§ **DATASET RECORDS**:
______
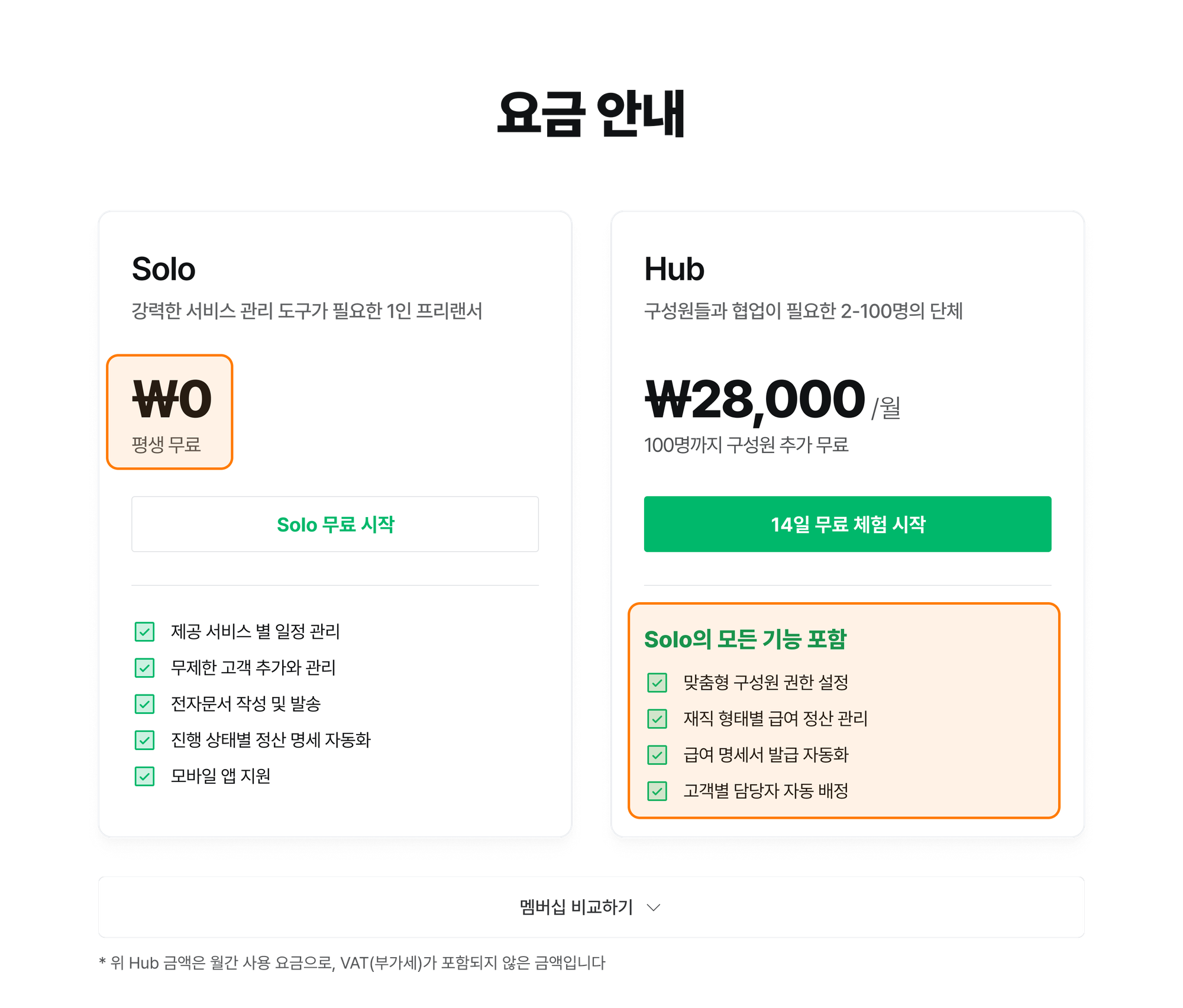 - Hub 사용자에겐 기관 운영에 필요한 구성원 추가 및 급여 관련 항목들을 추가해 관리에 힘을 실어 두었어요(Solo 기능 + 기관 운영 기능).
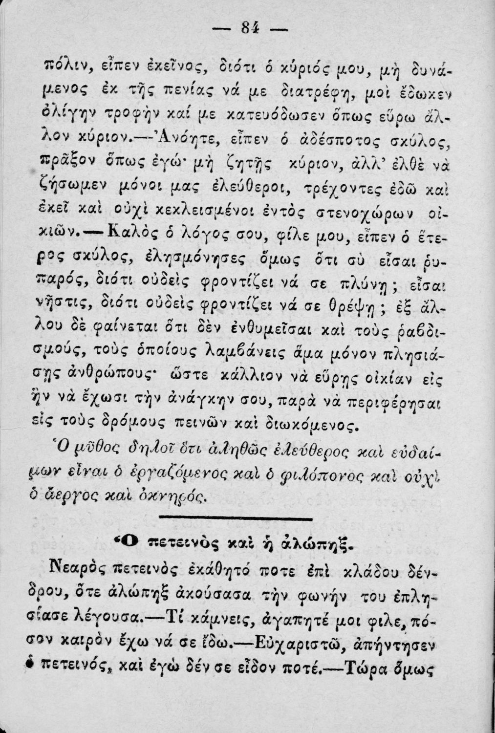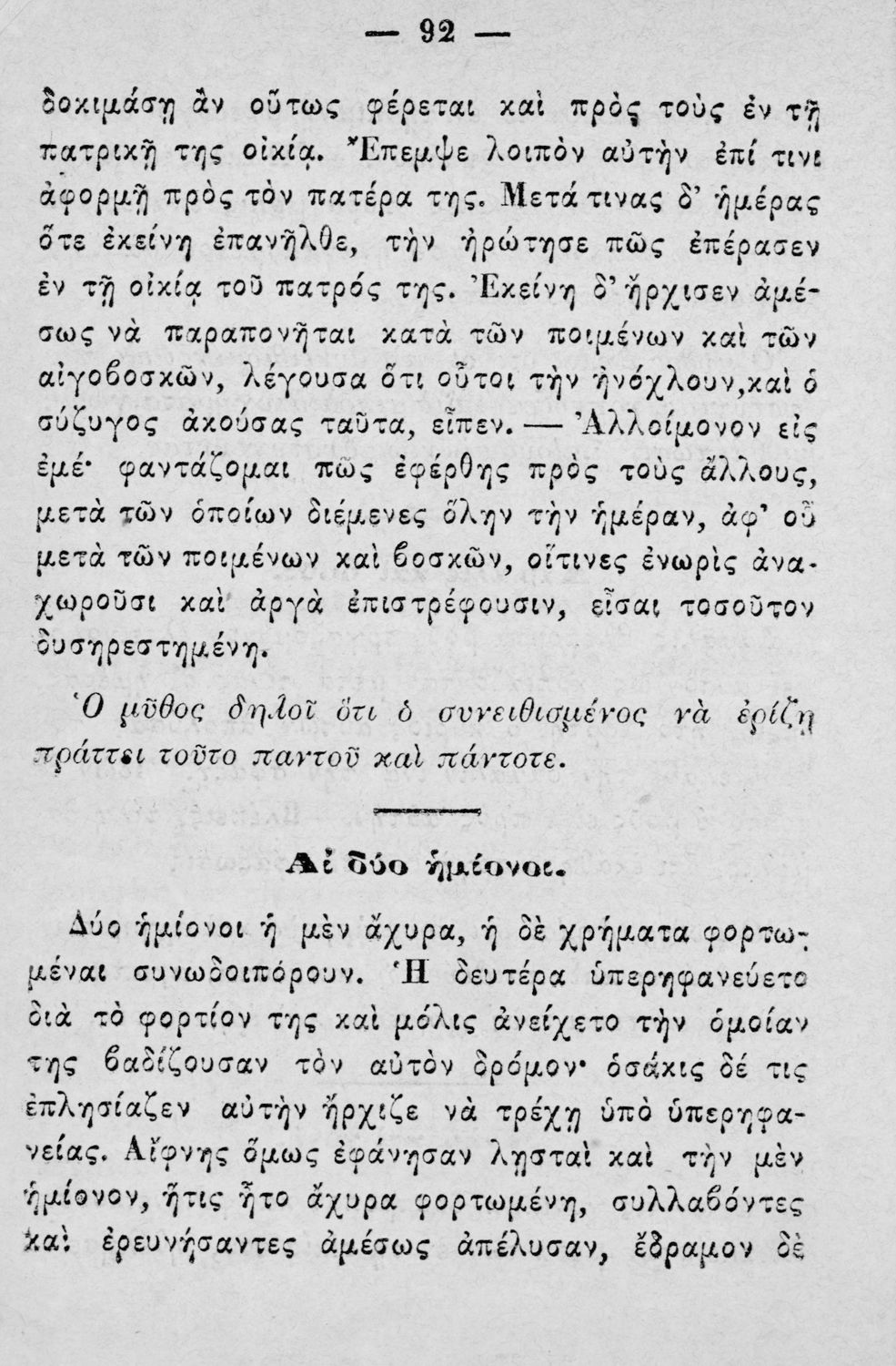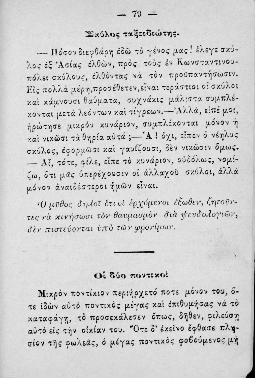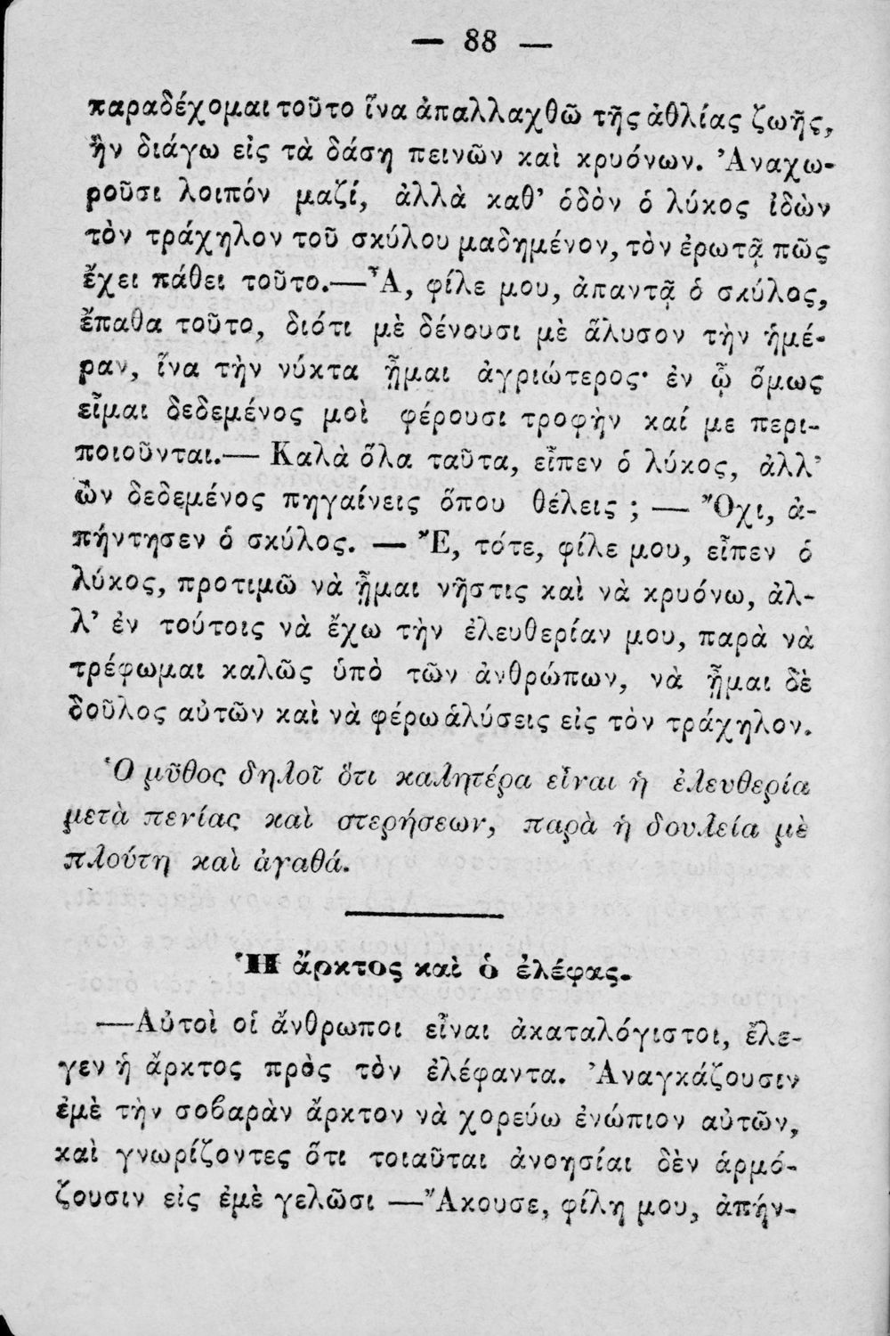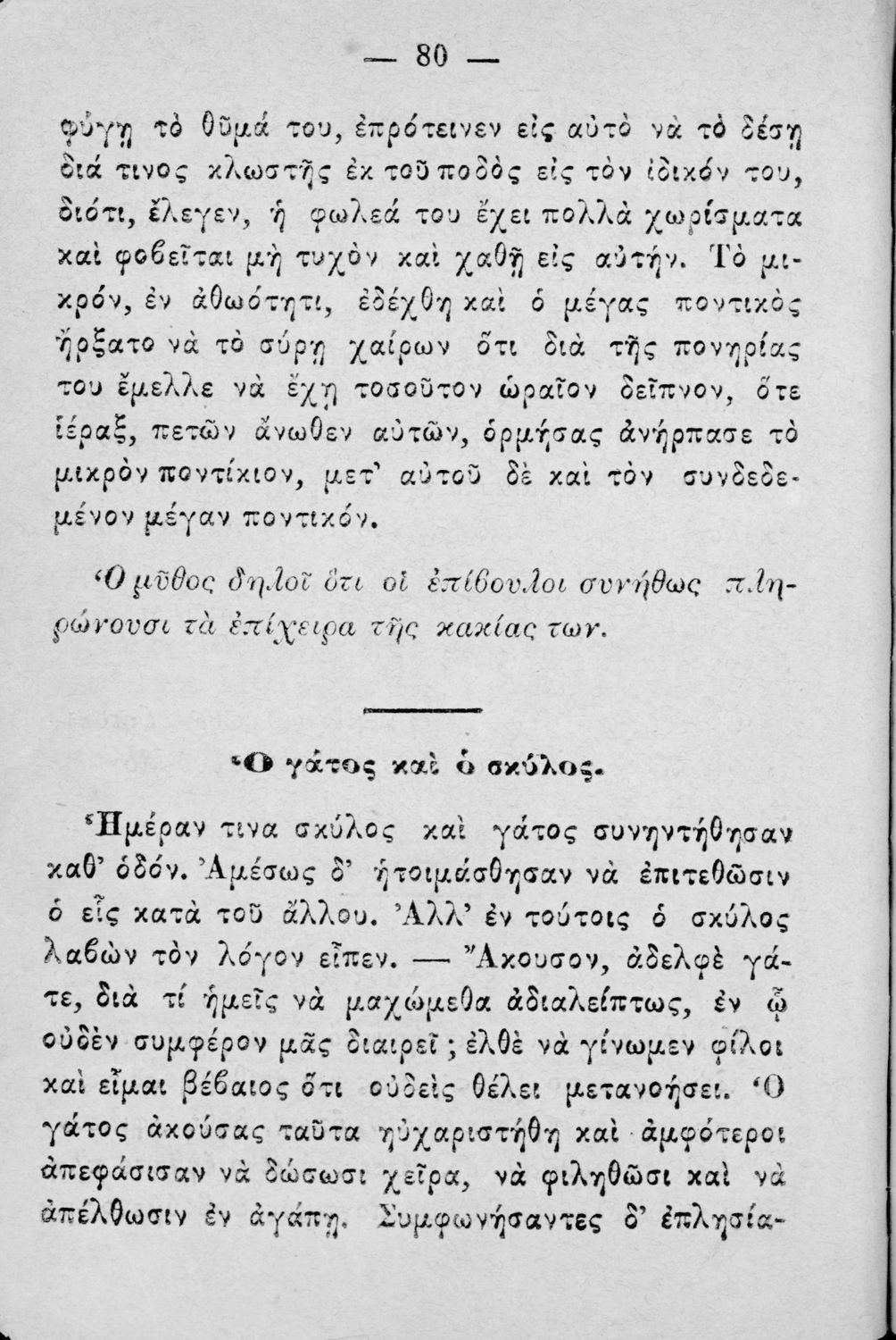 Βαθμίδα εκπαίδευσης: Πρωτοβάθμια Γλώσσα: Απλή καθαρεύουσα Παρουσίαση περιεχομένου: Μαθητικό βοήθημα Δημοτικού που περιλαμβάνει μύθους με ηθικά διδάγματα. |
______
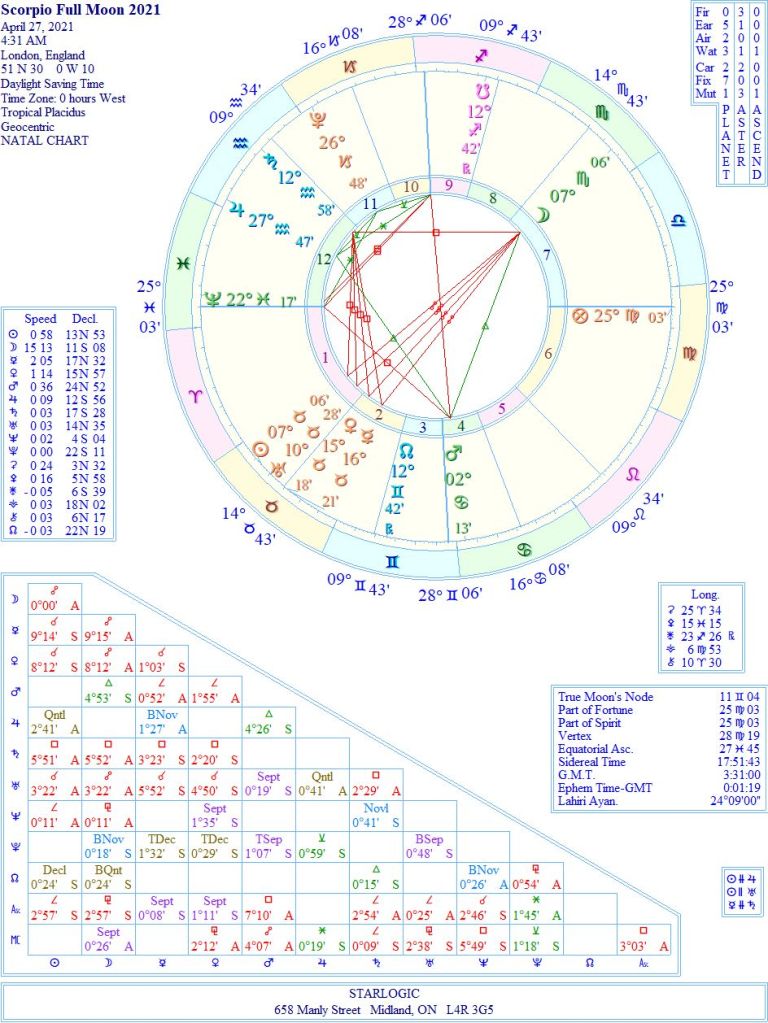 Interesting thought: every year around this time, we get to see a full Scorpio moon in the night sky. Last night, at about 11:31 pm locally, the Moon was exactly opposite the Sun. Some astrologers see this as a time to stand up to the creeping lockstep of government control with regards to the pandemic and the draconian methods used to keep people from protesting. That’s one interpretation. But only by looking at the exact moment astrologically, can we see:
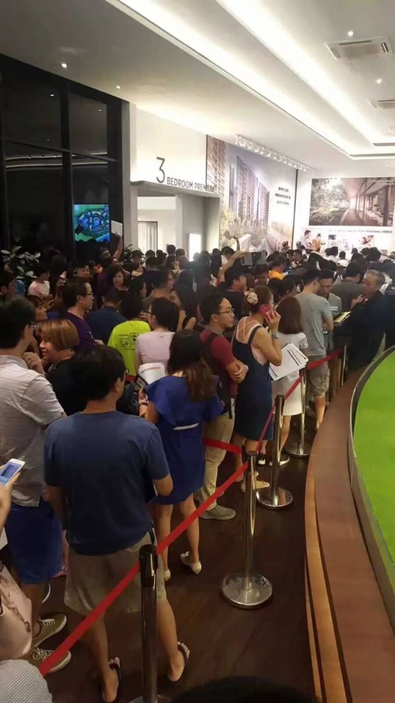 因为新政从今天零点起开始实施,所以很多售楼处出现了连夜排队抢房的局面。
______
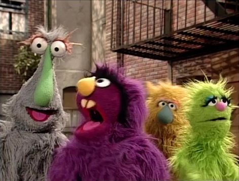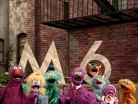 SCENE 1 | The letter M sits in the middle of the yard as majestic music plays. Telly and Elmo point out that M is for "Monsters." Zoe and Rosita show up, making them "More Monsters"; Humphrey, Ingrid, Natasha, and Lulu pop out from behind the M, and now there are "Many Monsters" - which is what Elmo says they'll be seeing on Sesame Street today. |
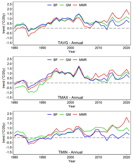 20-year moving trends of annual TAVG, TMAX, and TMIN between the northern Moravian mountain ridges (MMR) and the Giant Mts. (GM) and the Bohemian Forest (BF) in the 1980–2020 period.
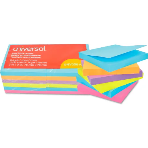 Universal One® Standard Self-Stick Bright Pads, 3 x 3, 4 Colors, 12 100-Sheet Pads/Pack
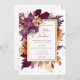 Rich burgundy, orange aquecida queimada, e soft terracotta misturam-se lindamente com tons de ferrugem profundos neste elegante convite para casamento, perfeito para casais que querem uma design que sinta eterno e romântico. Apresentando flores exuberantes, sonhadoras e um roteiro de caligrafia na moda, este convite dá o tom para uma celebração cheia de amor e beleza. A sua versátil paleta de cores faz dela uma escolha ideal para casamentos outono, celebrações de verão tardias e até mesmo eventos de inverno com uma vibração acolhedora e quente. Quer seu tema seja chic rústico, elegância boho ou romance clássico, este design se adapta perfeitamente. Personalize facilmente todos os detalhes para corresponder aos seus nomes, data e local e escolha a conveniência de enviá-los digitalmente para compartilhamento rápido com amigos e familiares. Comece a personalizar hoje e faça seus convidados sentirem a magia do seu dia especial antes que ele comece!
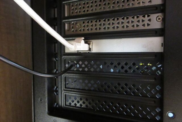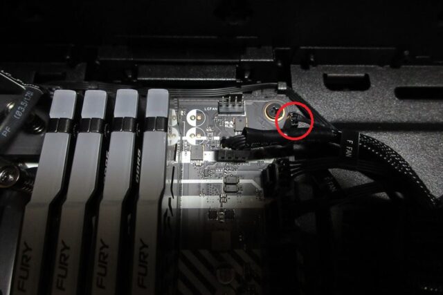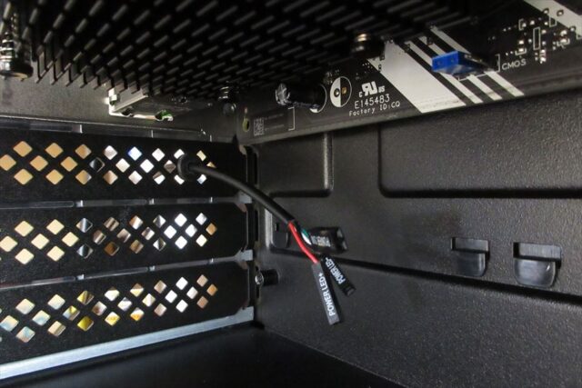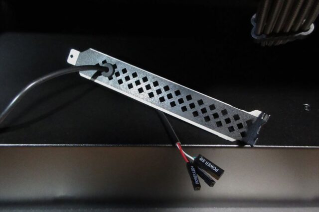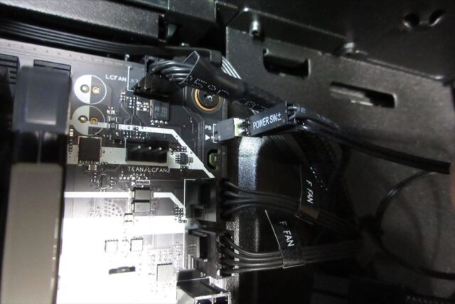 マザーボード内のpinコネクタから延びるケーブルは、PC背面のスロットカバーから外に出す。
______
§ **WHAT YOU SHOULD DO**: Start with the line above containing "SCENE 1 | The" and end with the line containing "マザーボード内のpinコネク". Set down that stretch exactly, without any pictures.

§ **RESPONSE AREA**:
 SCENE 1 | The letter M sits in the middle of the yard as majestic music plays. Telly and Elmo point out that M is for "Monsters." Zoe and Rosita show up, making them "More Monsters"; Humphrey, Ingrid, Natasha, and Lulu pop out from behind the M, and now there are "Many Monsters" - which is what Elmo says they'll be seeing on Sesame Street today. |
 20-year moving trends of annual TAVG, TMAX, and TMIN between the northern Moravian mountain ridges (MMR) and the Giant Mts. (GM) and the Bohemian Forest (BF) in the 1980–2020 period.
 Universal One® Standard Self-Stick Bright Pads, 3 x 3, 4 Colors, 12 100-Sheet Pads/Pack
 Rich burgundy, orange aquecida queimada, e soft terracotta misturam-se lindamente com tons de ferrugem profundos neste elegante convite para casamento, perfeito para casais que querem uma design que sinta eterno e romântico. Apresentando flores exuberantes, sonhadoras e um roteiro de caligrafia na moda, este convite dá o tom para uma celebração cheia de amor e beleza. A sua versátil paleta de cores faz dela uma escolha ideal para casamentos outono, celebrações de verão tardias e até mesmo eventos de inverno com uma vibração acolhedora e quente. Quer seu tema seja chic rústico, elegância boho ou romance clássico, este design se adapta perfeitamente. Personalize facilmente todos os detalhes para corresponder aos seus nomes, data e local e escolha a conveniência de enviá-los digitalmente para compartilhamento rápido com amigos e familiares. Comece a personalizar hoje e faça seus convidados sentirem a magia do seu dia especial antes que ele comece!
 マザーボード内のpinコネクタから延びるケーブルは、PC背面のスロットカバーから外に出す。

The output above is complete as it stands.